What an odd car with which to compare the Subaru. Why not a 7 series, for that matter?


> "The wonderful GT is a different drive altogether. No other performance sedan on the market comes close in value for money terms. It can hold its own with European sedans which cost three times as much."
> 
> http://www.mynrma.com.au/liberty-2.5-and-gt_sublib25_gt.asp


It's great that the Subaru is so wonderfully cheap - but I think it's more a case that the BMW is wonderfully expensive in SA, leaving the brand name to do most of the talking (and therefore polarising). List prices here:

Legacy Spec-B £26,500
530i £31,725

Not 200% more expensive here - not even 20%. And with a 330i saloon costing pretty much the same as the Legacy (albeit with less toys), it's no wonder (a) BMW is selling about 100,000 3ers a year here and (b) the Subaru, great car though it is, won't sell without discounting. Of course, if BMW was suddenly to raise the price of the 530i to £85,000, Subarus would start flying out of the door.


----------



## pdz (Nov 17, 2002)

andy_thomas said:


> What an odd car with which to compare the Subaru. Why not a 7 series, for that matter?
> 
> It's great that the Subaru is so wonderfully cheap - but I think it's more a case that the BMW is wonderfully expensive in SA, leaving the brand name to do most of the talking (and therefore polarising). List prices here:
> 
> ...


yeah, that is a good point.

the euro is quite strong relative to the dollar (and the yen, also).
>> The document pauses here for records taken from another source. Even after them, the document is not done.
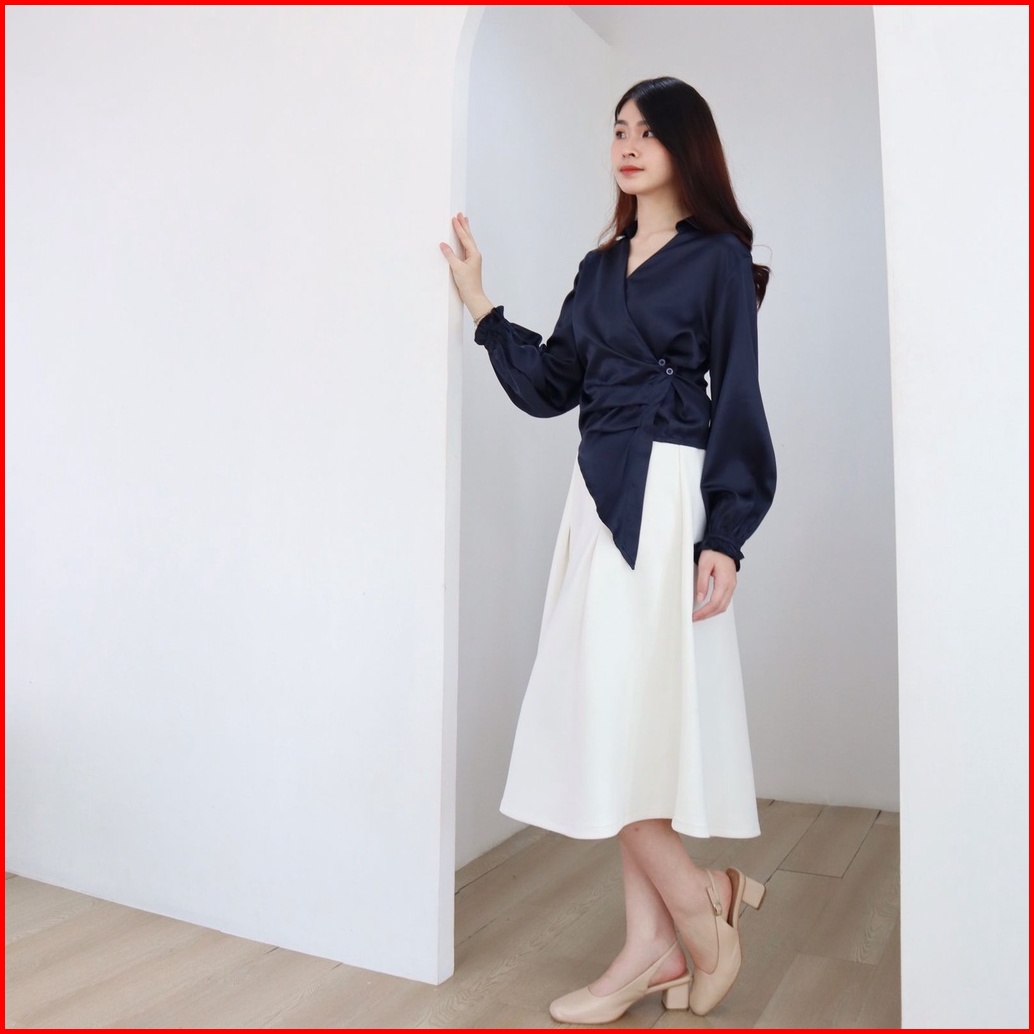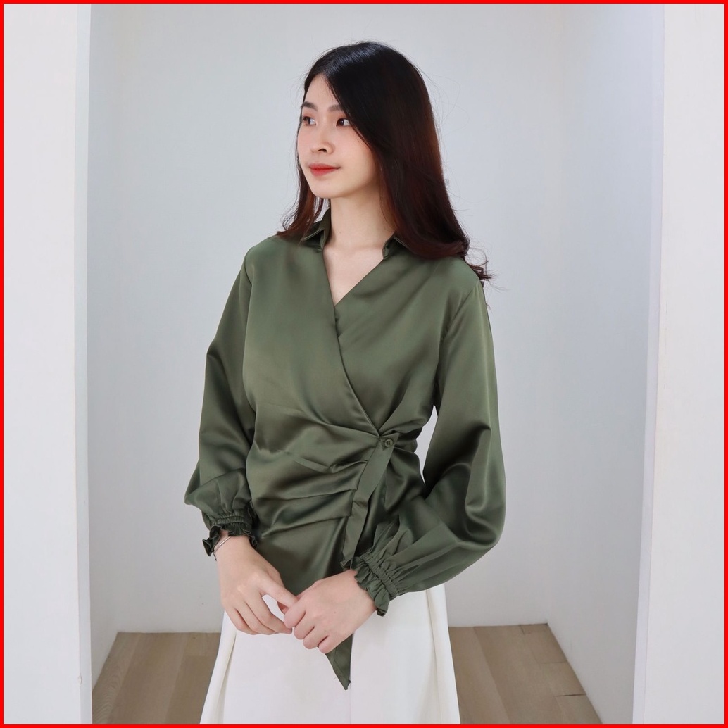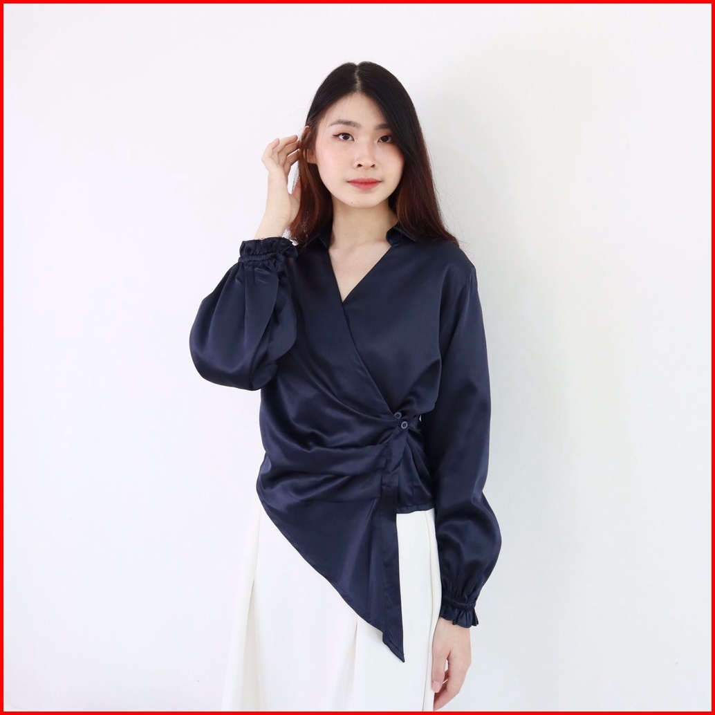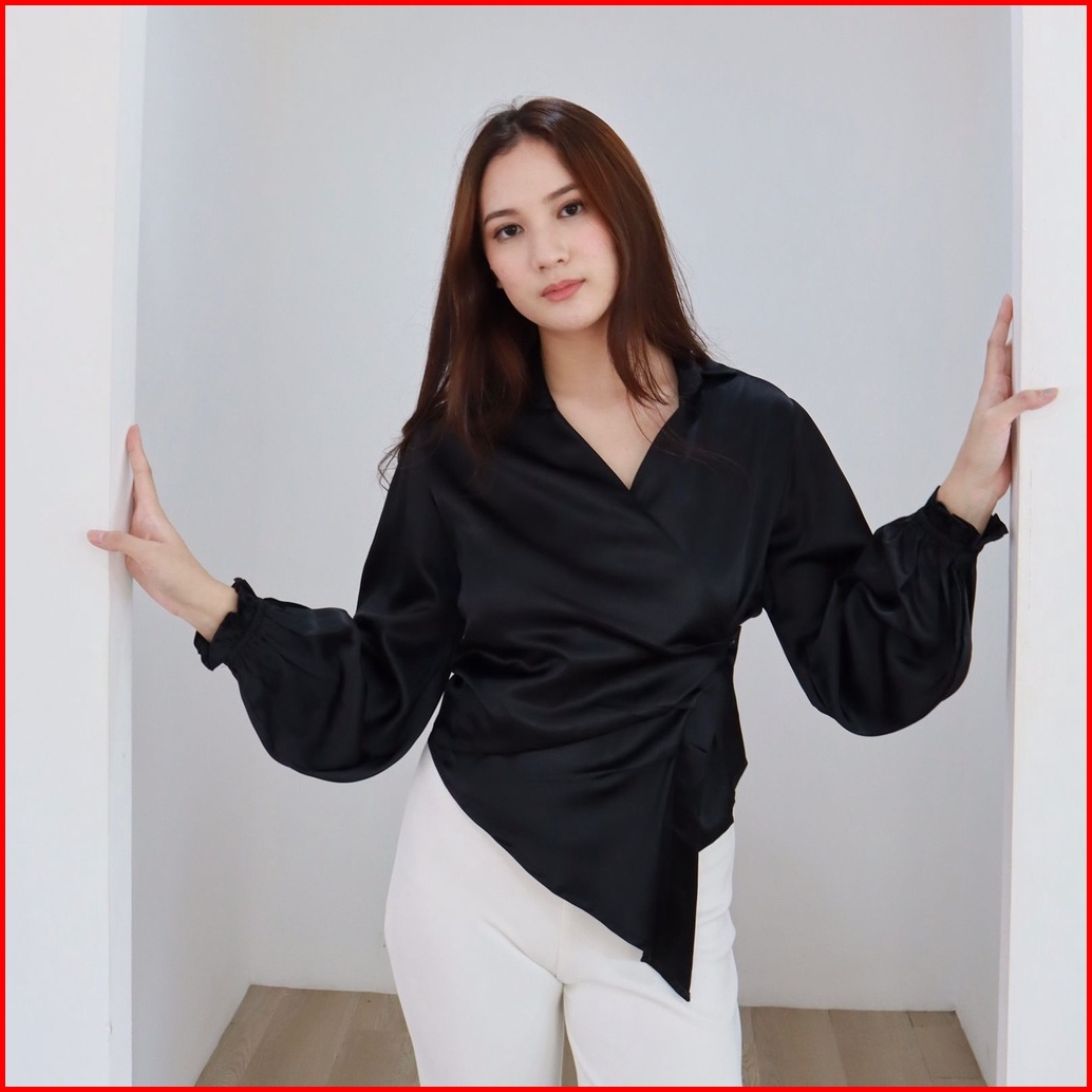 Msmo Lily Longsleeve Top Blouse Wanita Atasan Wanita Outfit Kantor Blouse Satin Silk Blouse
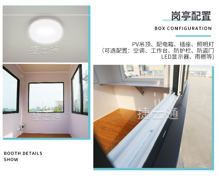 合理的外觀設(shè)計(jì)使得視野相當(dāng)開闊,搭配靈活,亭內(nèi)各種配置如照明燈、電源插座、電控箱和電腦桌、換氣扇等等一應(yīng)俱全,滿足各類功能所需,并可配置收費(fèi)系統(tǒng),以滿足各種需求。
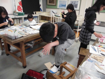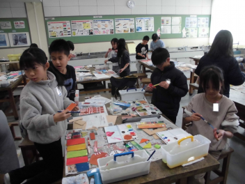 (↓) 4年2組;孝美先生と図工の授業です。板材をのこぎりで切り分けたり、絵の具を使って色付けしたり…
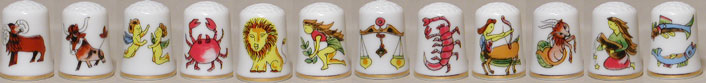 | 12星座の可愛らしいシンブルが出来ました。こちらの商品は12個セットでご購入いただくと割安となります。 |
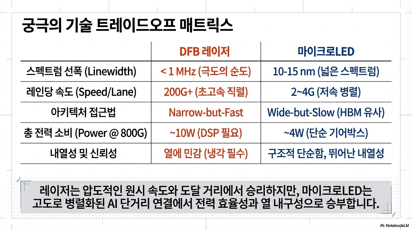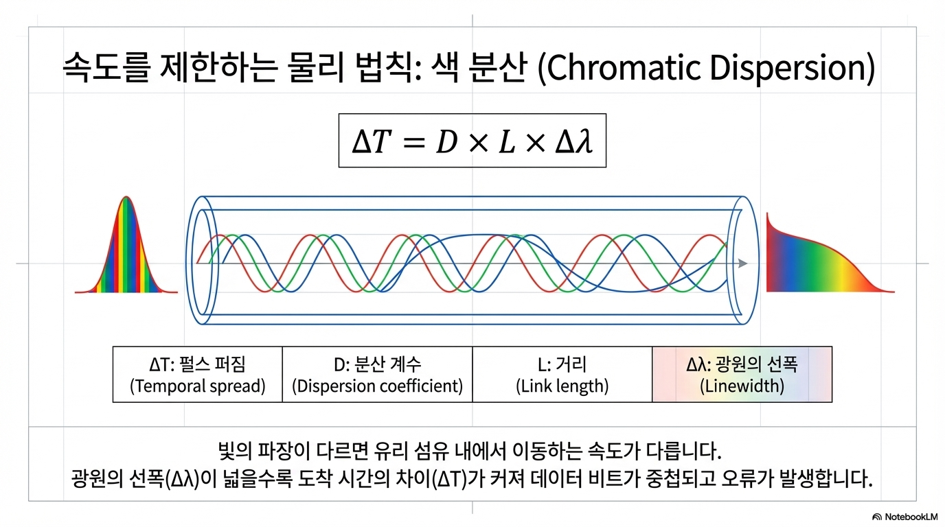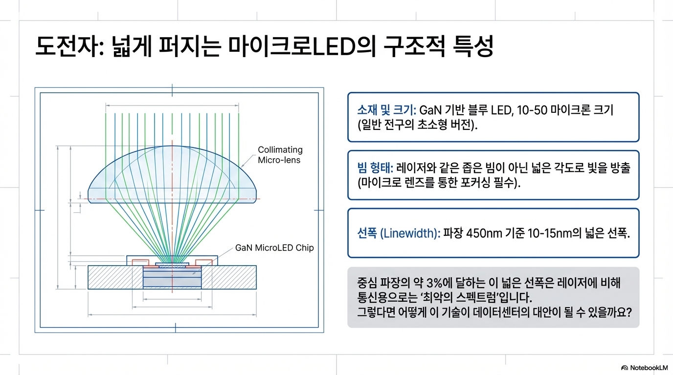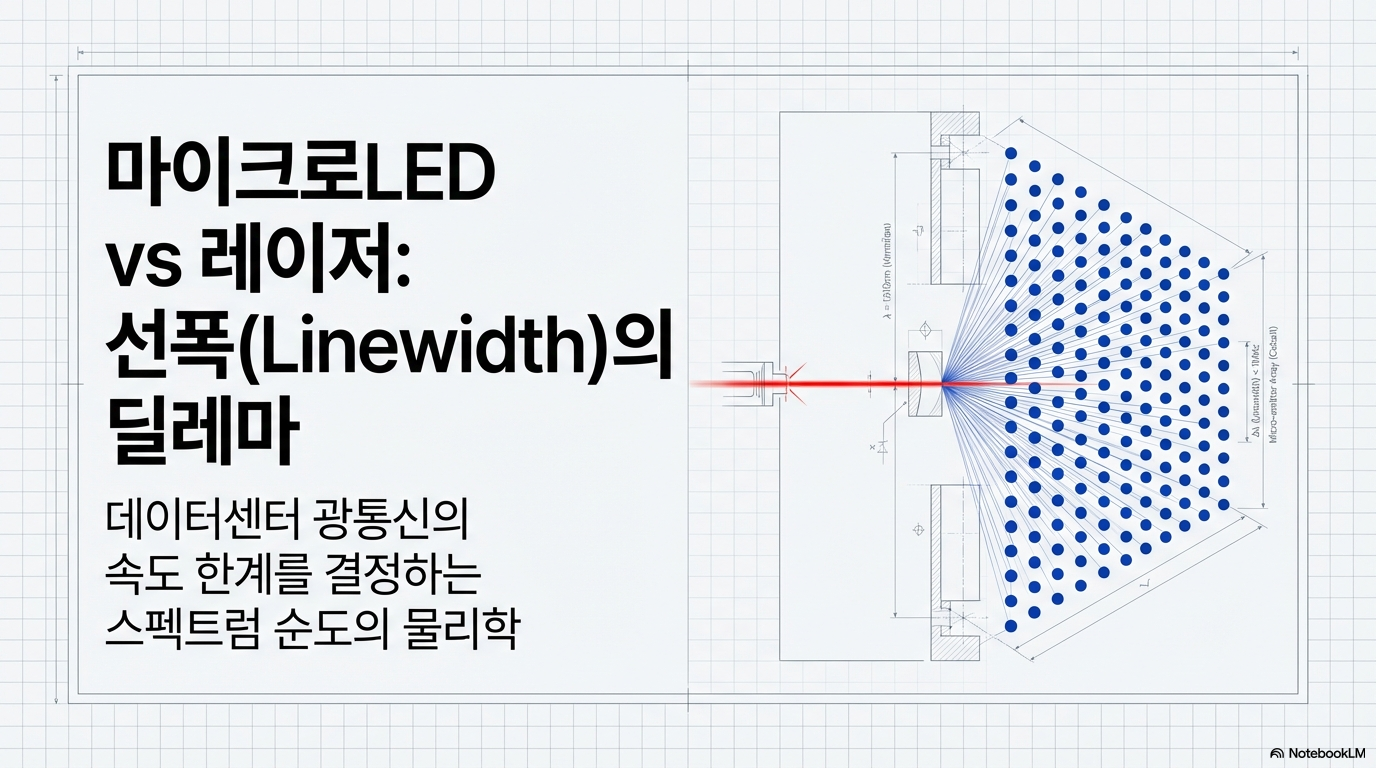 이 문서는 데이터센터의 광학 연결 기술인 레이저(Laser)와 마이크로LED(MicroLED)의 핵심적인 차이와 상충 관계를 선폭(Linewidth)이라는 개념을 통해 설명합니다. 기존의 분포 귀환형(DFB) 레이저는 매우 좁은 선폭을 가져 데이터 전송 속도가 빠르고 장거리 통신에 유리하지만, 마이크로LED는 선폭이 넓어 단일 채널 속도는 느린 대신 저전력 및 고신뢰성을 바탕으로 한 병렬 전송 방식에서 강점을 보입니다. 특히 빛의 색 분산(Chromatic Dispersion) 현상으로 인해 광원의 순도가 데이터 처리 한계를 결정한다는 물리적 원리를 구체적인 수식과 함께 제시하고 있습니다. 결론적으로 이 글은 마이크로LED가 레이저를 완전히 대체하기보다는 단거리 인터커넥트 분야에서 효율적인 대안이 될 수 있음을 시사하며 최신 기술 트렌드를 분석합니다.
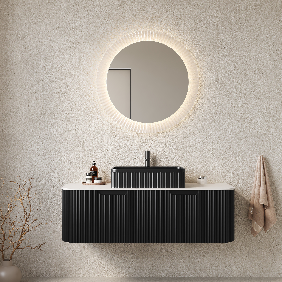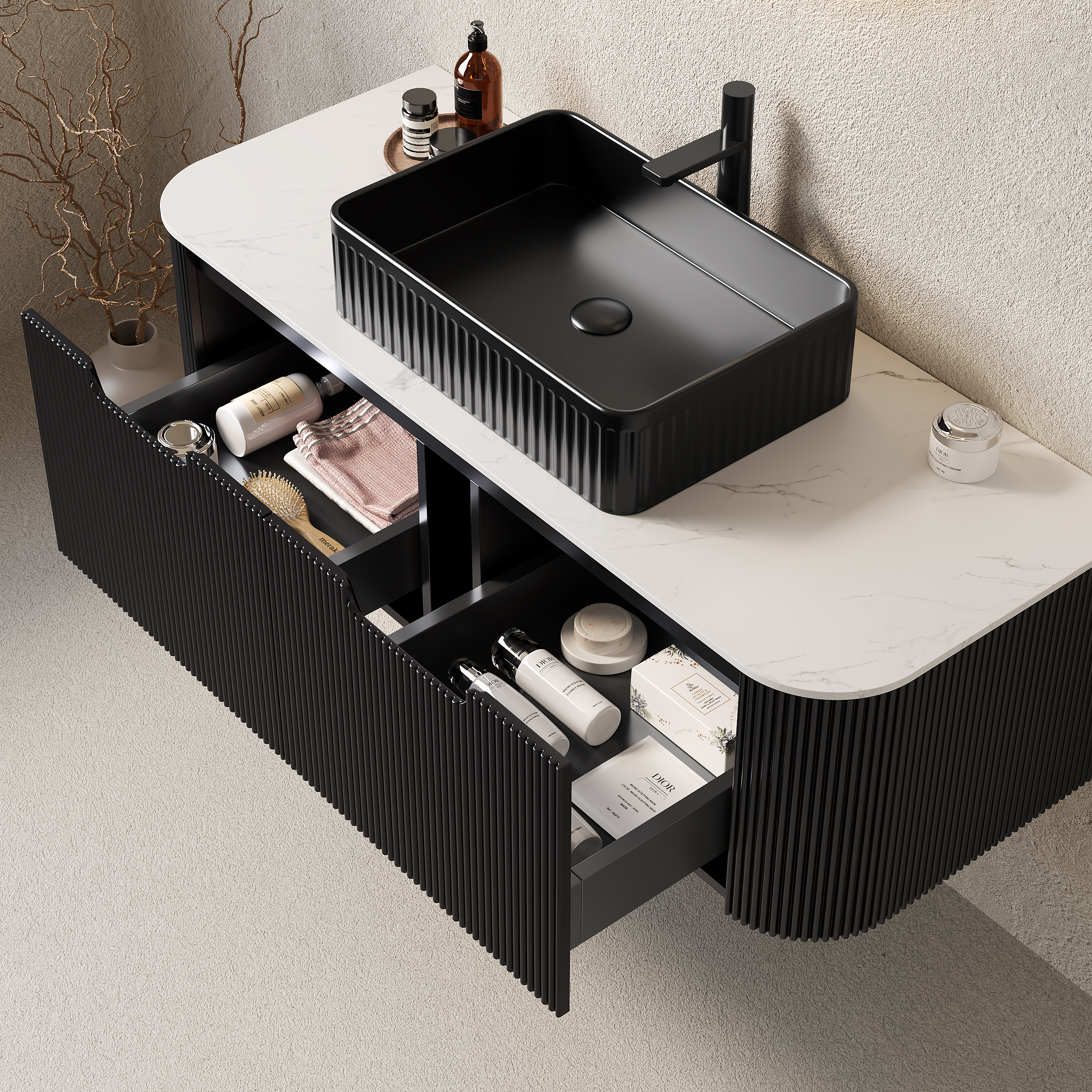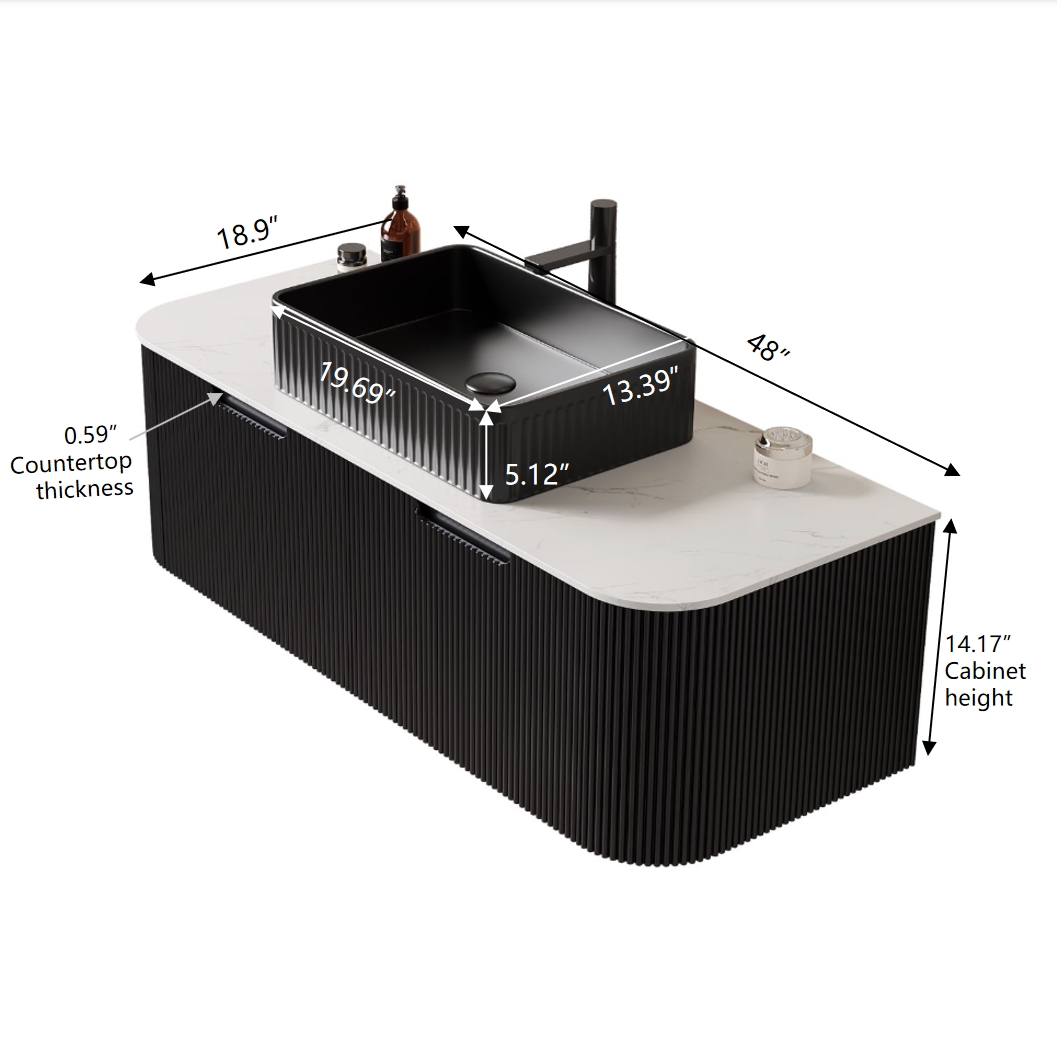 Product Name:DINA 48" Bathroom Vanity with Sink, Wall-Mounted Floating Curved Edges Striped Bathroom Storage Cabinet with 2 Drawers, Black Rectangular Ceramic Basin, No Faucet, Pre-assembled, Black Color

the price delta between a loaded legacy gt (28,800 USD) and the equivalent 330 ZHP (42,000 USD) is significant. i'm sure that the price difference can be justifiable to many, many people. but not to people whose primary mission is to have a fast commuter car.

the BMW excels at commuting, but i'd argue against it being fast. it's sufficient.

this will change with the e90, obviously.


----------



## flashinthepan (Jul 25, 2003)

I like the car overall, I just dont particularly car for the old style hood scoops, Subaru should come up with a better air flow design that is up to date.


----------



## bork111 (Apr 14, 2004)

I drove the Legacy GT Limited and wanted to be more impressed than I was. The suspension wasn't that great, styling is ho-hum, stereo sucked, and fold-down rear seats wasn't even an option. I chose an Audi A4 Quattro 1.8T 6sp Manual. For an extra $5k, it fixed all of the above problems (although the suspension still leaves a bit to be desired), upgraded the quality of the materials and fit/finish *a lot*, without sacrificing much power.

After you get over the fun of the straight line acceleration, this car is really underwhelming.

My .02


----------



## andy_thomas (Oct 7, 2002)

pdz said:


> yeah, that is a good point.
> 
> the euro is quite strong relative to the dollar (and the yen, also).
> 
> the price delta between a loaded legacy gt (28,800 USD) and the equivalent 330 ZHP (42,000 USD) is significant. i'm sure that the price difference can be justifiable to many, many people. but not to people whose primary mission is to have a fast commuter car.


Isn't a key point that Subaru builds the Legacy in the US, and is thus immune from the effects of the currently poor purchasing power of the dollar?


> the BMW excels at commuting, but i'd argue against it being fast. It's sufficient.


Clearly you are not pressing the right hand pedal *nearly* hard enough!


----------



## Chris90 (Apr 7, 2003)

andy_thomas said:


> Isn't a key point that Subaru builds the Legacy in the US, and is thus immune from the effects of the currently poor purchasing power of the dollar?
> 
> Clearly you are not pressing the right hand pedal *nearly* hard enough!


If it's built in the US from 80% Japan-sourced parts, no, it's not immune. I don't know the percentage, but Japanese corporations typically like to source Japanese made parts.


----------



## mycl (Dec 10, 2004)

*330i bested by Subaru Liberty/Legacy according to Wheels Magazine*

More BMW 330i versus Subaru Liberty 3.0R ....

http://subaru.com.au/news/?newsid=12139

$51K Liberty out-scores $98K BMW in Wheels comparo.  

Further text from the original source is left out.